REQUIRED WORK:
Instruction for the entries below: return the part that opens with the line containing "LeafSource Real Berberine" and closes with the line containing "전국연합뉴스 김용태 기자", exactly, and no pictures.

INFORMATION PROVIDED:
• • •
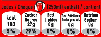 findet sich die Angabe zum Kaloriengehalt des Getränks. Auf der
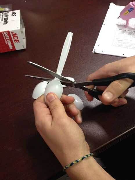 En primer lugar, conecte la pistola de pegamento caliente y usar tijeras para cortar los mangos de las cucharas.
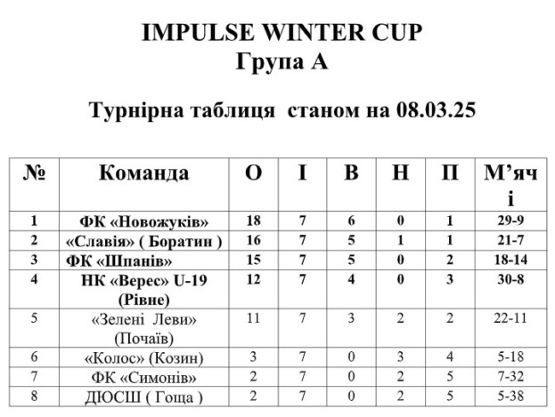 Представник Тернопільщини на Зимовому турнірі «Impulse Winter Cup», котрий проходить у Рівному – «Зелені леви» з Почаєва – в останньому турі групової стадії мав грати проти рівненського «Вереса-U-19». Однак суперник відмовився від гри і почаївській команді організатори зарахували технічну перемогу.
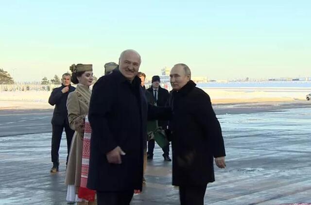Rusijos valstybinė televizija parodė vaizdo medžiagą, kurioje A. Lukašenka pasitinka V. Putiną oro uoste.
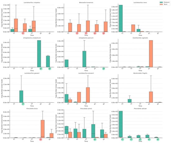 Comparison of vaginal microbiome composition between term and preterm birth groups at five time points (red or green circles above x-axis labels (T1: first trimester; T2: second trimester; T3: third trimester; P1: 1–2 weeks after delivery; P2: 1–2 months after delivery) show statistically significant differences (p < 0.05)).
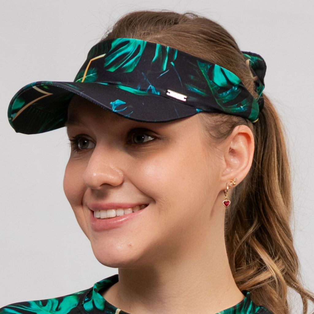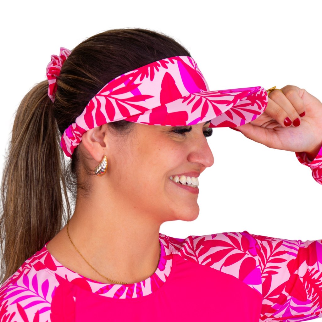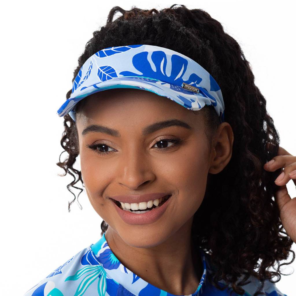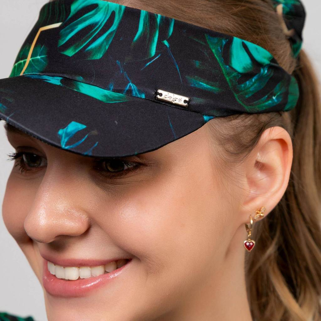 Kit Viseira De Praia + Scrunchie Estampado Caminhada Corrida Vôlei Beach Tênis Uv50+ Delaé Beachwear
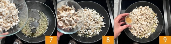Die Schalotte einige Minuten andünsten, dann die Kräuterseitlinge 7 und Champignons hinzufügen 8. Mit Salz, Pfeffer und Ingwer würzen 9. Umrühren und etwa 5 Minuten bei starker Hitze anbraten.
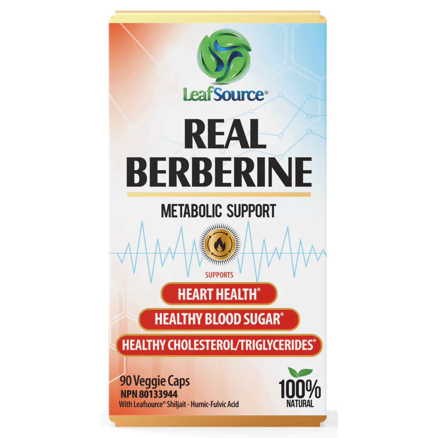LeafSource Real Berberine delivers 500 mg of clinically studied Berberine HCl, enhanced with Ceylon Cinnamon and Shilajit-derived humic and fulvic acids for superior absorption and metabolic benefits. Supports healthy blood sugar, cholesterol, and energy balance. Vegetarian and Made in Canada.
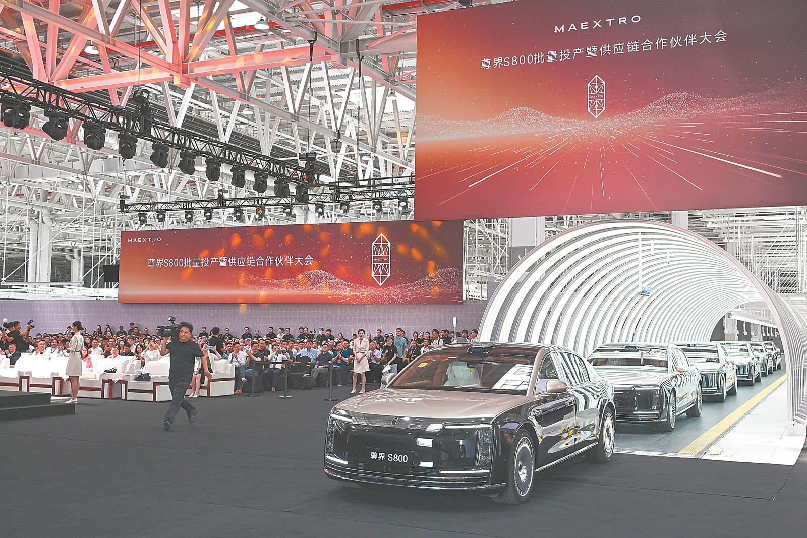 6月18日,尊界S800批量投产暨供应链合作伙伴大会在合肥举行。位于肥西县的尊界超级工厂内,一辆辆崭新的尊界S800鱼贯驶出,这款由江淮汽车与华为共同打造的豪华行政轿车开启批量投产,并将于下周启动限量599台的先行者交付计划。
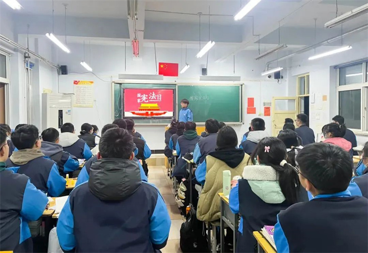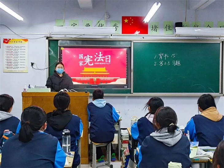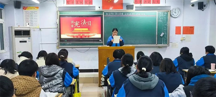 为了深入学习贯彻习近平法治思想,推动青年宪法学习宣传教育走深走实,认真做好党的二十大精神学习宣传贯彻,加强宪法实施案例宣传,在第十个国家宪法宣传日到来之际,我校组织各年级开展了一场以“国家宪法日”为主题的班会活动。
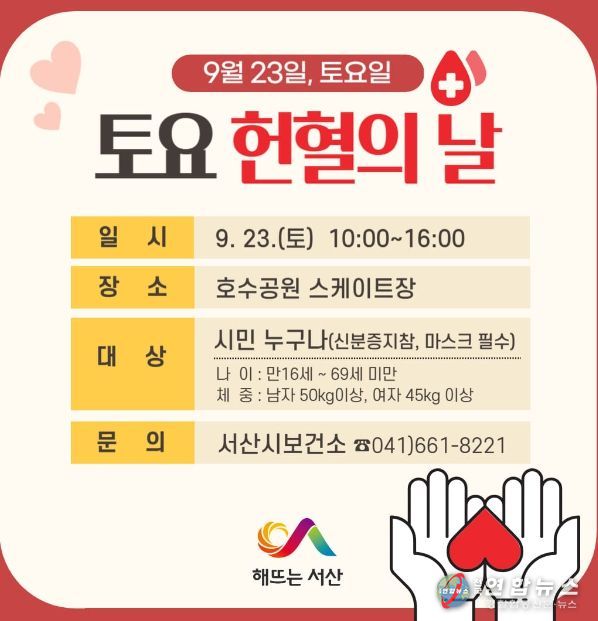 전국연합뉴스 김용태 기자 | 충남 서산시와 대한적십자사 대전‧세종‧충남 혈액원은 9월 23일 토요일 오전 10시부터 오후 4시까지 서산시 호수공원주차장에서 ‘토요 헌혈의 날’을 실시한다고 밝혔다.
• • •
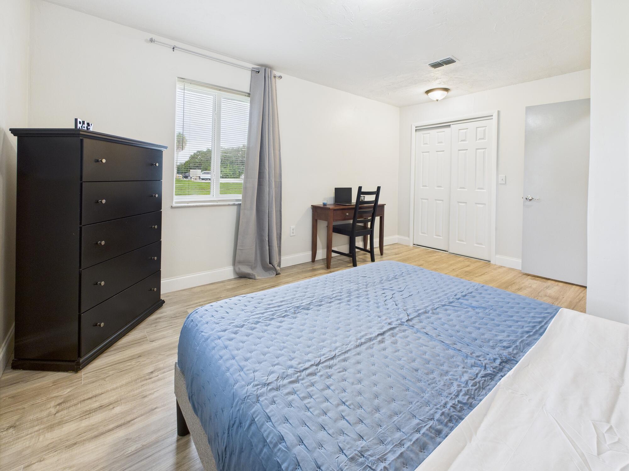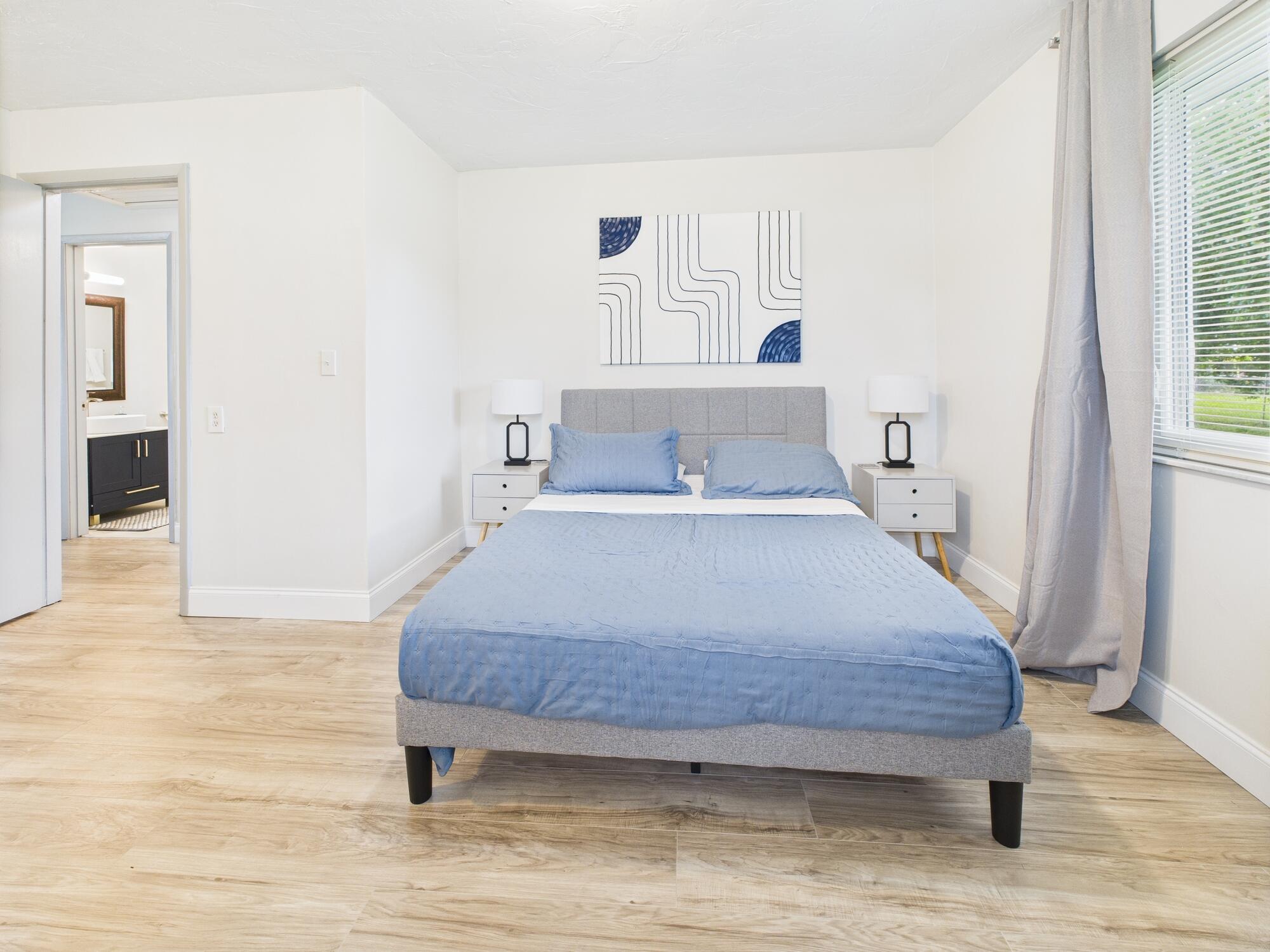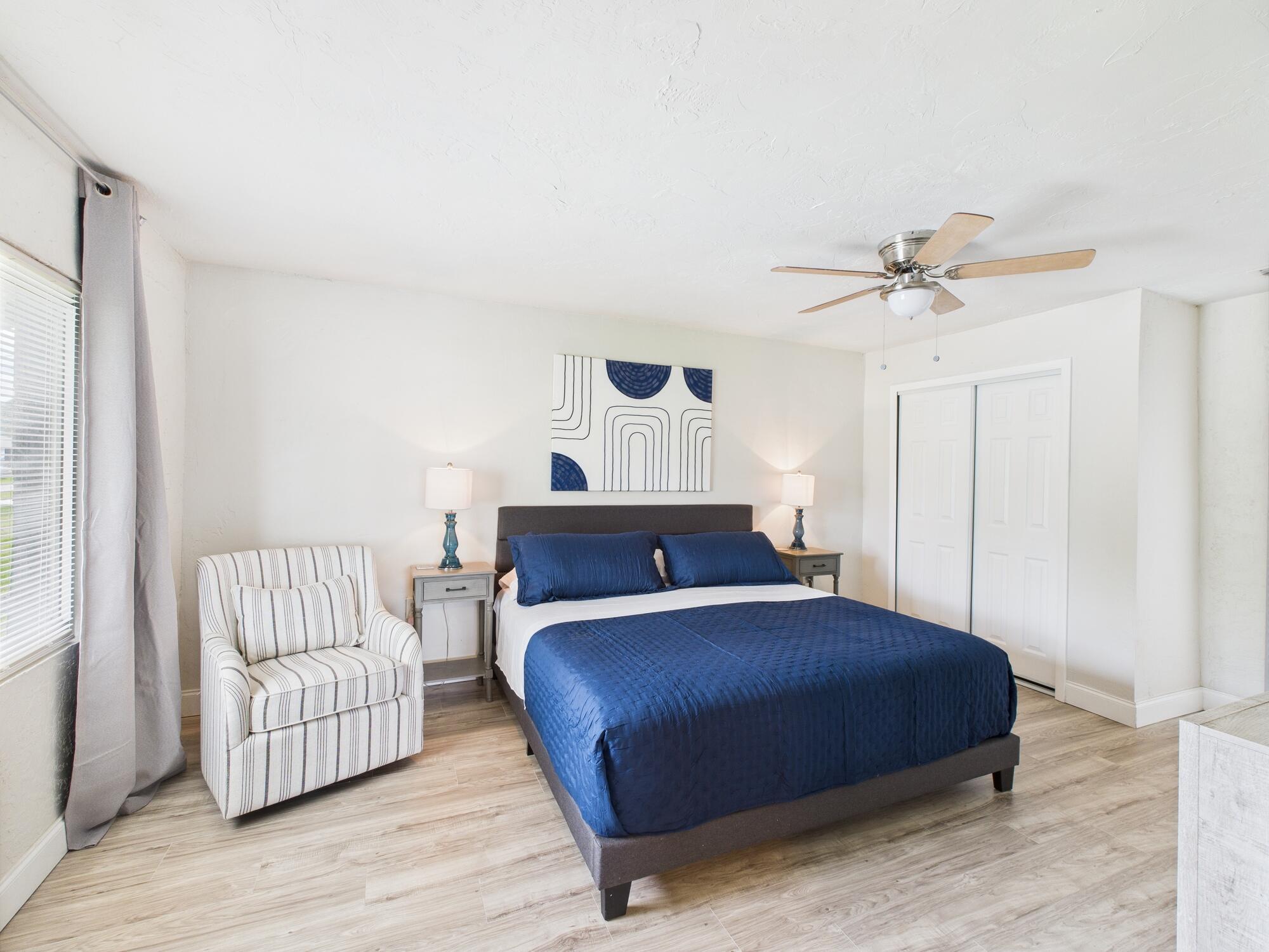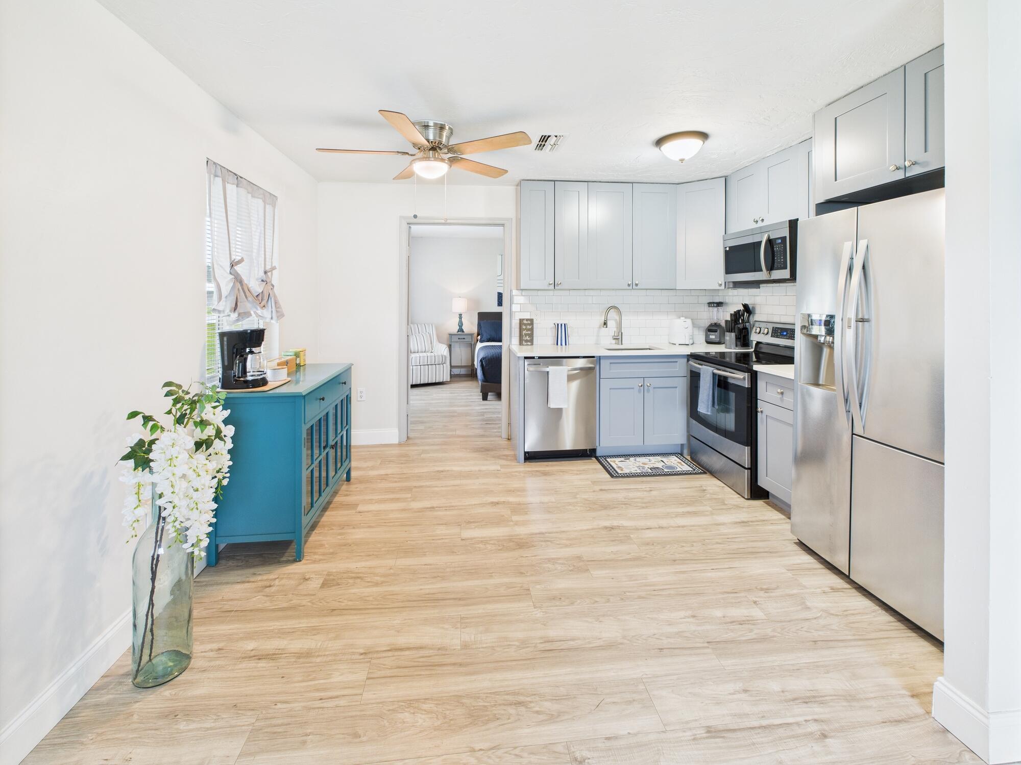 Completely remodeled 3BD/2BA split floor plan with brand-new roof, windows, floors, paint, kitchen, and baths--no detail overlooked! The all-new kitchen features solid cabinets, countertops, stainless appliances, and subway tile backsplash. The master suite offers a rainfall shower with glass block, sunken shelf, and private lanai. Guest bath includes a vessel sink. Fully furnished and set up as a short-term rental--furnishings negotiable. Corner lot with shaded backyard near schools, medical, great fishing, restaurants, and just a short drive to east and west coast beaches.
• • •
ANSWER TO THIS EXERCISE:
LeafSource Real Berberine delivers 500 mg of clinically studied Berberine HCl, enhanced with Ceylon Cinnamon and Shilajit-derived humic and fulvic acids for superior absorption and metabolic benefits. Supports healthy blood sugar, cholesterol, and energy balance. Vegetarian and Made in Canada.
 6月18日,尊界S800批量投产暨供应链合作伙伴大会在合肥举行。位于肥西县的尊界超级工厂内,一辆辆崭新的尊界S800鱼贯驶出,这款由江淮汽车与华为共同打造的豪华行政轿车开启批量投产,并将于下周启动限量599台的先行者交付计划。
 为了深入学习贯彻习近平法治思想,推动青年宪法学习宣传教育走深走实,认真做好党的二十大精神学习宣传贯彻,加强宪法实施案例宣传,在第十个国家宪法宣传日到来之际,我校组织各年级开展了一场以“国家宪法日”为主题的班会活动。
 전국연합뉴스 김용태 기자 | 충남 서산시와 대한적십자사 대전‧세종‧충남 혈액원은 9월 23일 토요일 오전 10시부터 오후 4시까지 서산시 호수공원주차장에서 ‘토요 헌혈의 날’을 실시한다고 밝혔다.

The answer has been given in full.